PUBLICATIONS

Abstract

Towards a characterization of apparent contradictions in the biomedical literature using context analysis.


Rosemblat G, Fiszman, M, Shin D, Kilicoglu H

Journal of Biomedical Informatics. 2019. In Press. https://doi.org/10.1016/j.jbi.2019.103275.

Abstract:

Background With the substantial growth in the biomedical research literature, a larger number of claims are published daily, some of which seemingly disagree with or contradict prior claims on the same topics. Resolving such contradictions is critical to advancing our understanding of human disease and developing effective treatments. Automated text analysis techniques can facilitate such analysis by extracting claims from the literature, flagging those that are potentially contradictory, and identifying any study characteristics that may explain such contradictions.
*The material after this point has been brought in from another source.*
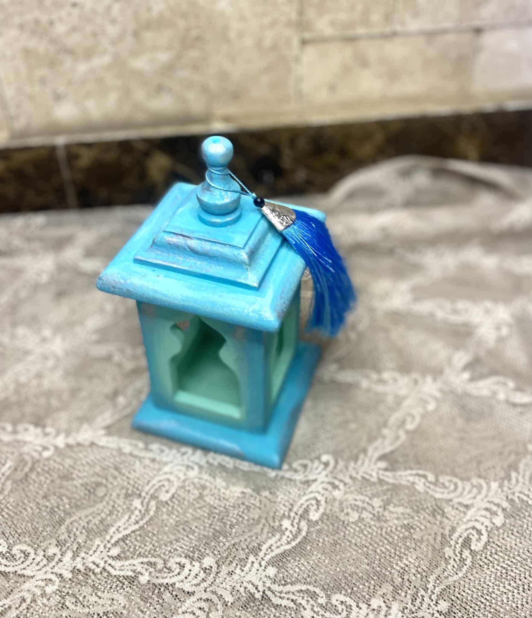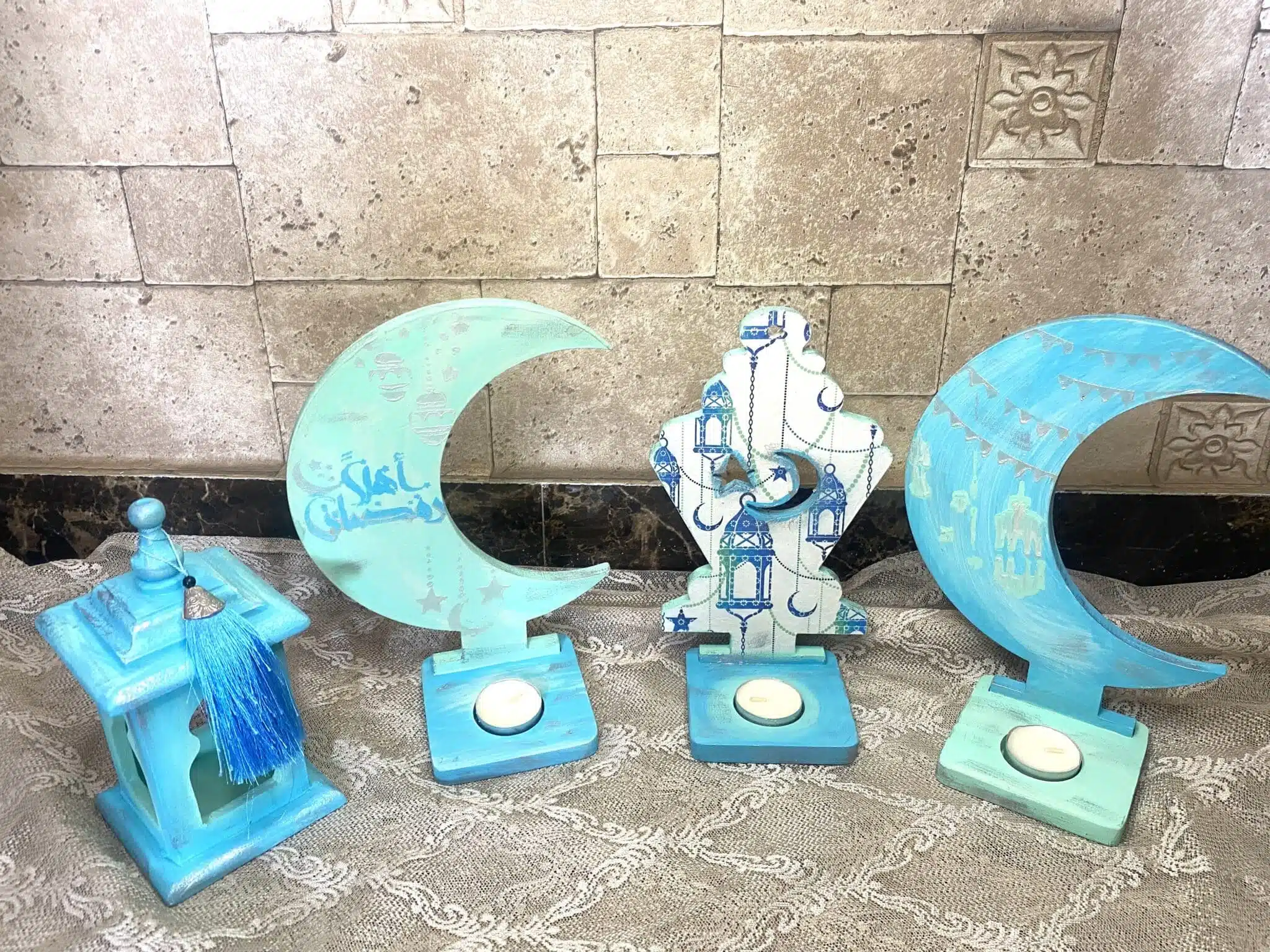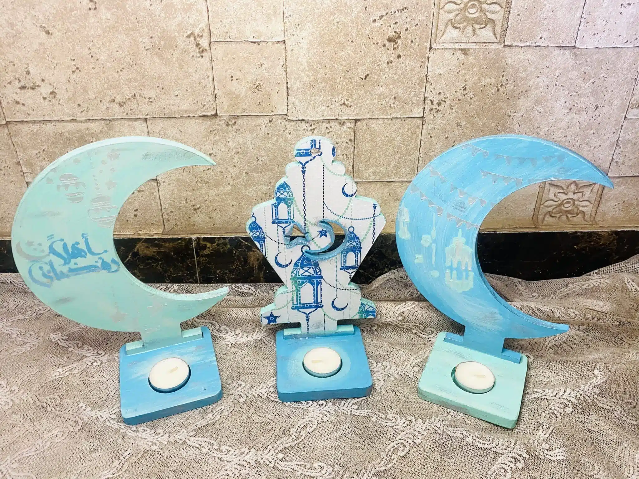 Wooden decorative set for Ramadan: 3 candle holders and small fanous

Methods Using SemMedDB, our own PubMed-scale repository of semantic predications (subject-relation-object triples), we identified apparent contradictions in the biomedical research literature and developed a categorization of contextual characteristics that explain such contradictions. Clinically relevant semantic predications relating to 20 diseases and involving opposing predicate pairs (e.g., an intervention treats or causes a disease) were retrieved from SemMedDB. After addressing inference, uncertainty, generic concepts, and NLP errors through automatic and manual filtering steps, a set of apparent contradictions were identified and characterized. Results We retrieved 117,676 predication instances from 62,360 PubMed abstracts (Jan 1980-Dec 2016). From these instances, automatic filtering steps generated 2,236 candidate contradictory pairs. Through manual analysis, we determined that 58 of these pairs (2.6%) were apparent contradictions. We identified five main categories of contextual characteristics that explain these contradictions: a) internal to the patient, b) external to the patient, c) endogenous/exogenous, d) known controversy, and (e) contradictions in literature. Categories (a) and (b) were subcategorized further (e.g., species, dosage) and accounted for the bulk of the contradictory information.


Rosemblat G, Fiszman, M, Shin D, Kilicoglu H. Towards a characterization of apparent contradictions in the biomedical literature using context analysis.